Despite widespread claims, there’s little evidence that the deep taproots draw up more nutrients than the surface roots, but the leaves are indeed loaded with 2-3 times more potassium than farmyard manure, and a good dose of phosphorus, calcium, copper, iron, and magnesium. The large leaves are one of our favorite sources of mulch. We chop and drop armloads to cover the soil and add fertility; we even add them to compost piles to heat them up and into compost tea mix that we spray on our trees. They regrow almost as quickly as you can cut them, so we chop-and-drop several times a year, and each cut yields several pounds of leaves per plant and a refreshing cucumber-smell.

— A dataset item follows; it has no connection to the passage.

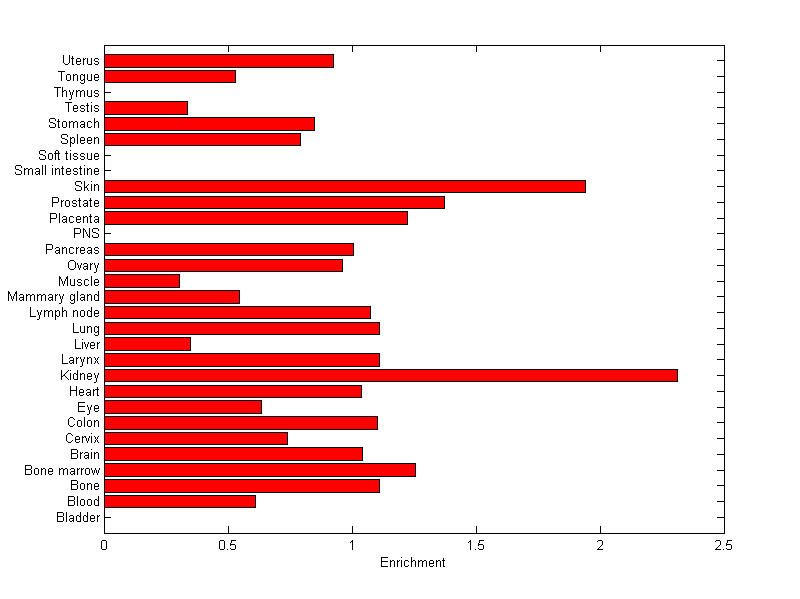 The expression level is normalized with tissue-library size. Each value for a gene in a tissue is a ratio of observed ESTs to the expected one in this tissue. The expected number of ESTs is the product of total ESTs of the gene and the fraction of total ESTs in the tissue among all ESTs in 30 tissues.

Lacewings and spiders hang out on the dense scruffy leaves. Small purple flowers growing on slender talks invite beneficial pollinators and predatory wasps that keep the gardens buzzing throughout the summer.

Comfrey comes from lots of places, but the cultivar we grow, Bocking 14, originally came from Russia. A Quaker plant breeder introduced Comfrey to Britain in the 1800s and ran trials in the town of Bocking. Chinese medicine has used Comfrey for over 2,000 years, especially for cuts and bruises and broken bones. The plant houses allantoin, a chemical that proliferates cell regrowth and speeds up healing. This plant medicine has earned them the nickname Knitbone, an direct interpretation of the Latin name, which means “plants that grow bones together.” The name Comfrey itself comes from a French word meaning “welding together,” which is exactly what they do for our bodies and the earth. Older leaves are dried for poultices for bruises and breaks. Folks have eaten young shoots and made teas with leaves or peeled and roasted roots, but regular eating can cause liver issues. Consult with an herbalist who knows Knitbone pretty well.

We propagate our Comfrey from root cuttings and crown divisions.